- _EXERCISE PROMPT_
All of the records below are to be printed exactly; the pictures are to be left out.

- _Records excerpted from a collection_
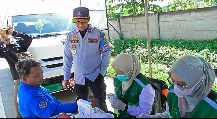 Selain ram cek, petugas juga memeriksa kesehatan awak kendaraan para supir dan kondektur bus. Pemeriksaan dilakukan oleh petugas kesehatan Kabupaten Bandung.
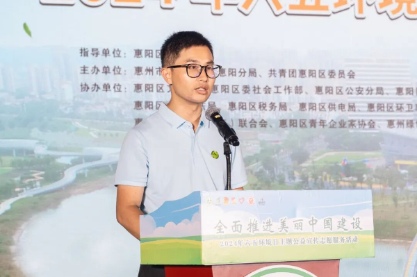 6月3日下午,惠州市生態環境局惠陽分局(以下簡稱“惠陽分局”)、共青團惠陽區委員會聯合14個區直相關單位、24個公益單位在惠陽市政廣場開展“全面推進美麗中國建設”2024年六五環境日公益宣傳志愿服務活動,號召廣大市民群眾積極參與生態文明建設與生態環境保護實踐,為推進美麗惠陽建設貢獻力量。惠陽區副區長陳偉、惠陽生態環境分局局長董斌、團區委副書記黎曉靜,區直相關單位及鎮街分管負責同志、企業代表和社會各界志愿團體代表等參加活動。
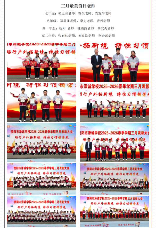 贵阳市泽诚学校2025-2026春季学期三月表彰大会圆满举行
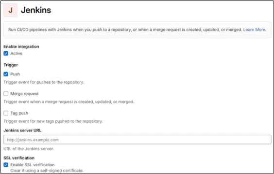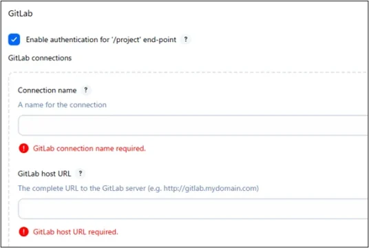 ③「Enable authentication for ‘/project’ end-point」にチェックを入れ、使用するGitLabの接続情報を入力します。
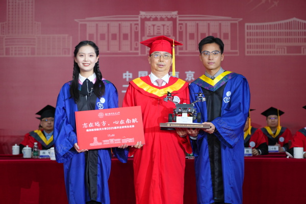 典礼上,ac米兰微型飞行器创新设计团队的徐宏雨同学和校友大使黄琳涵同学代表全体毕业研究生为母校送上了一份特殊的礼物——由ac米兰研究生团队自主研发的结构可变陆空两栖飞行机器人和2025届毕业研究生名册,展现了ac米兰学子心系母校的情怀与志在远方的理想。姜斌校长代表学校接受毕业生赠礼。
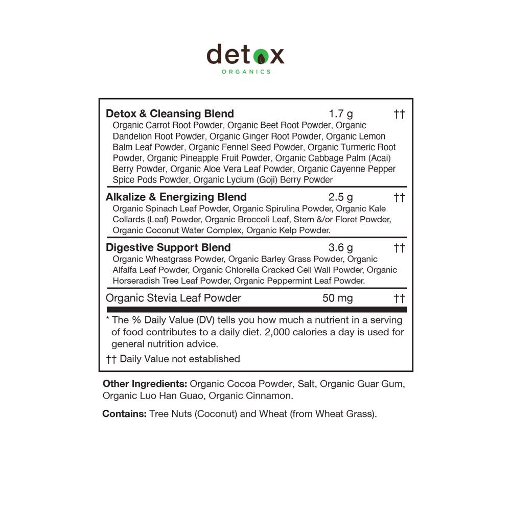 | Product Name | Detox Organics Chocolate Green Superfood Powder - Made with Organic Ingredients Like Kale, Wheatgrass, Chlorella, Spirulina, and Beet Juice |
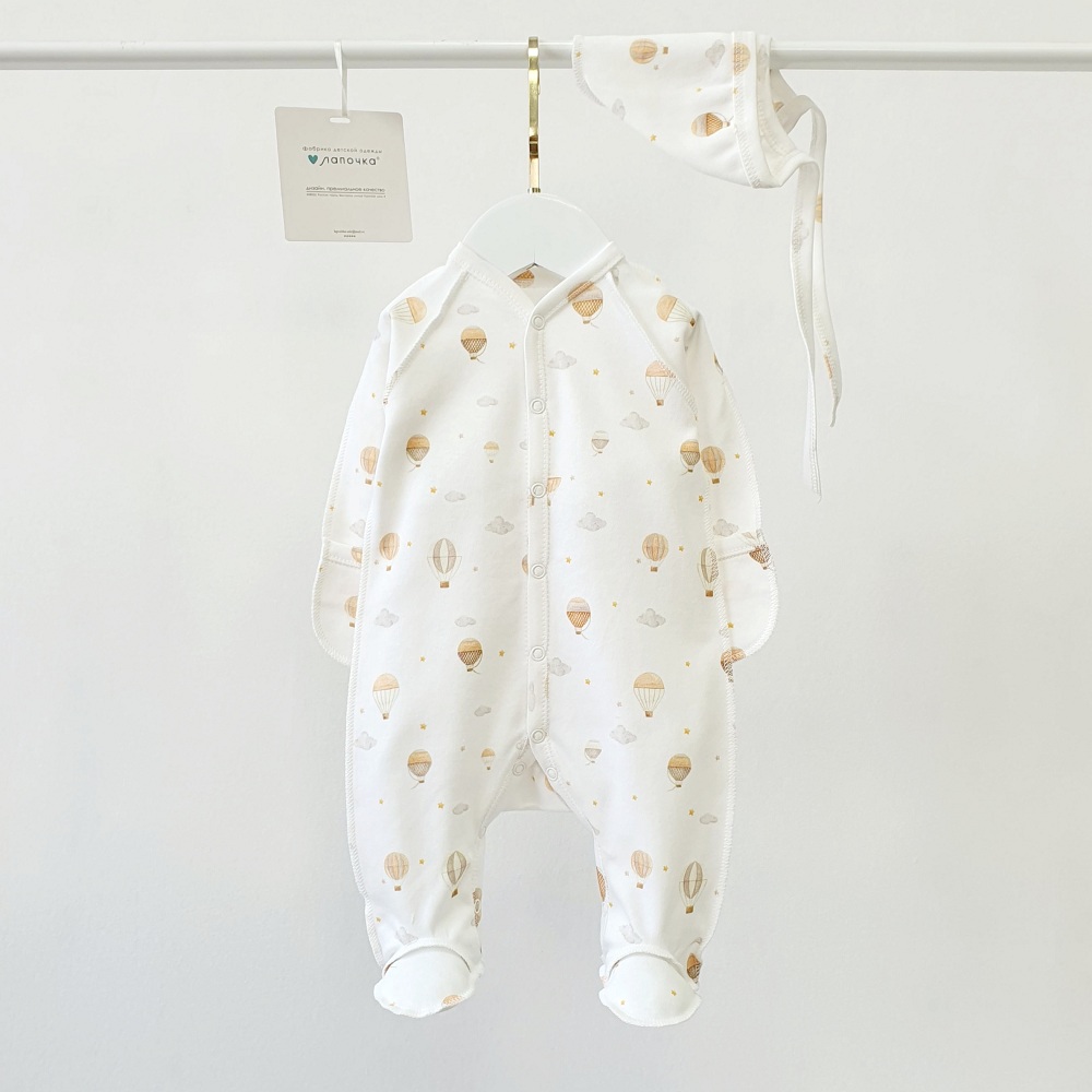 Слип из мягкого трикотажа в светлом оттенке с принтом (воздушные шары, облака, звёзды). Модель с длинным рукавом и кнопками по всей длине. Подходит для сна и ежедневной носки.
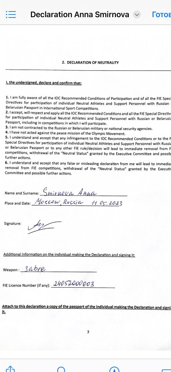 Но дальше стало совсем интересно. Дело в том что еще со времен коронавирусного дурдома существовало правило, которое разрешало не пожимать руки после поединка, а позволяло просто скрещивать опущенные сабли - что и пыталась сделать Ольга Харлан. И еще утром в день матча и Ольге, и ее тренеру руководство Международной федерации фехтования подтвердило, что это правило действует, и так поступать вполне правомочно. (Да и, собственно, на данном турнире были и другие спортсмены, которые именно так завершали поединок.) Об этом говорила и сама Ольга, и ее тренер. Более того, они утверждают, что Анна Смирнова и ее тренер были предупреждены о том, что после поединка вместо пожимания рук будет процедура скрещивания сабель.

- _COMPLETED EXERCISE_
 Selain ram cek, petugas juga memeriksa kesehatan awak kendaraan para supir dan kondektur bus. Pemeriksaan dilakukan oleh petugas kesehatan Kabupaten Bandung.
 6月3日下午,惠州市生態環境局惠陽分局(以下簡稱“惠陽分局”)、共青團惠陽區委員會聯合14個區直相關單位、24個公益單位在惠陽市政廣場開展“全面推進美麗中國建設”2024年六五環境日公益宣傳志愿服務活動,號召廣大市民群眾積極參與生態文明建設與生態環境保護實踐,為推進美麗惠陽建設貢獻力量。惠陽區副區長陳偉、惠陽生態環境分局局長董斌、團區委副書記黎曉靜,區直相關單位及鎮街分管負責同志、企業代表和社會各界志愿團體代表等參加活動。
 贵阳市泽诚学校2025-2026春季学期三月表彰大会圆满举行
 ③「Enable authentication for ‘/project’ end-point」にチェックを入れ、使用するGitLabの接続情報を入力します。
 典礼上,ac米兰微型飞行器创新设计团队的徐宏雨同学和校友大使黄琳涵同学代表全体毕业研究生为母校送上了一份特殊的礼物——由ac米兰研究生团队自主研发的结构可变陆空两栖飞行机器人和2025届毕业研究生名册,展现了ac米兰学子心系母校的情怀与志在远方的理想。姜斌校长代表学校接受毕业生赠礼。
 | Product Name | Detox Organics Chocolate Green Superfood Powder - Made with Organic Ingredients Like Kale, Wheatgrass, Chlorella, Spirulina, and Beet Juice |
 Слип из мягкого трикотажа в светлом оттенке с принтом (воздушные шары, облака, звёзды). Модель с длинным рукавом и кнопками по всей длине. Подходит для сна и ежедневной носки.
 Но дальше стало совсем интересно. Дело в том что еще со времен коронавирусного дурдома существовало правило, которое разрешало не пожимать руки после поединка, а позволяло просто скрещивать опущенные сабли - что и пыталась сделать Ольга Харлан. И еще утром в день матча и Ольге, и ее тренеру руководство Международной федерации фехтования подтвердило, что это правило действует, и так поступать вполне правомочно. (Да и, собственно, на данном турнире были и другие спортсмены, которые именно так завершали поединок.) Об этом говорила и сама Ольга, и ее тренер. Более того, они утверждают, что Анна Смирнова и ее тренер были предупреждены о том, что после поединка вместо пожимания рук будет процедура скрещивания сабель.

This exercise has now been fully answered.